5. Dezember 2013 – 26. Jänner 2014

Rede zur Otto Mauer Preis Verleihung 2013

Zum ersten Mal bin ich der Kunst von Luisa Kasalicky 2006 begegnet. Das war in Salzburg, in der Festspielausstellung der Galerie Altnöder. „Es lebe die Liebe. Hommage Mozart …“ war das Motto dieser Ausstellung. Und da gab es eine Installation von Luisa Kasalicky, die mich beeindruckt hat. Das ist Ferdinand Altnöder aufgefallen.
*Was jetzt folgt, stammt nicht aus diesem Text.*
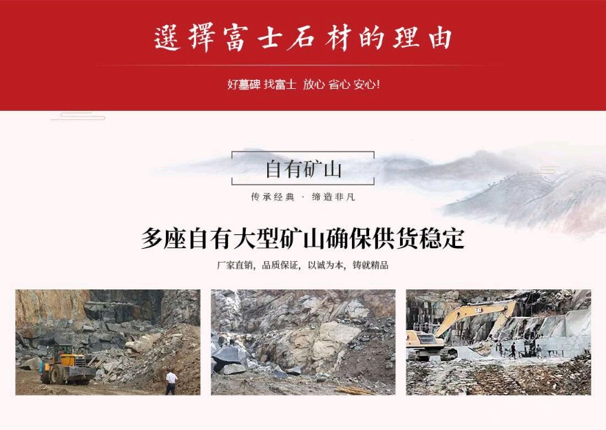 發(fā)布信息: 富士石材位于世界石雕之都——福建惠安,于1996年成立,主營(yíng)墓碑生產(chǎn)、墓碑研發(fā)設(shè)計(jì)、公墓運(yùn)營(yíng)&殯儀館運(yùn)營(yíng)、公墓陵園景觀、規(guī)劃設(shè)計(jì)等一條龍殯葬服務(wù)。公司自成立以來不斷引進(jìn)當(dāng)今世界先進(jìn)的生產(chǎn)設(shè)備及加工工藝,用專業(yè)的設(shè)備造優(yōu)秀的產(chǎn)品。公司擁有一大批經(jīng)驗(yàn)豐富的技術(shù)型管理人才,以嚴(yán)謹(jǐn)?shù)墓芾硖峁└咝У姆?wù),并配以先進(jìn)的電腦設(shè)計(jì)及現(xiàn)代化企業(yè)管理模式,秉承 “以客戶為中心、以質(zhì)量為根本,以市場(chǎng)為導(dǎo)向、以人文為基礎(chǔ)”的經(jīng)營(yíng)理念,經(jīng)過將近三十年的發(fā)展,逐步發(fā)展成為一家集墓碑加工生產(chǎn)、研發(fā)設(shè)計(jì)、陵園規(guī)劃設(shè)計(jì)、公墓運(yùn)營(yíng)&殯儀館運(yùn)營(yíng)為一體的公司。

Er hat mir Monate später eine Broschüre mit aktuellen Informationen zur Künstlerin geschickt. Sie dokumentiert die Ausstellung von Luisa Kasalicky im swingr-raumaufzeit. Dieses wunderbare Kunstraumprojekt hat Luisa Kasalicky 2006 gemeinsam mit Christoph Holzeis, Birgit Knoechl, Nicole Miltner und Rainer Spangl gegründet. Dort habe ich 2008 eine Ausstellung von Kasalicky gesehen, dann da und dort andere, in den letzten Jahren in der Galerie nächst St. Stephan, der BAWAG contemporary, aktuell im Lentos.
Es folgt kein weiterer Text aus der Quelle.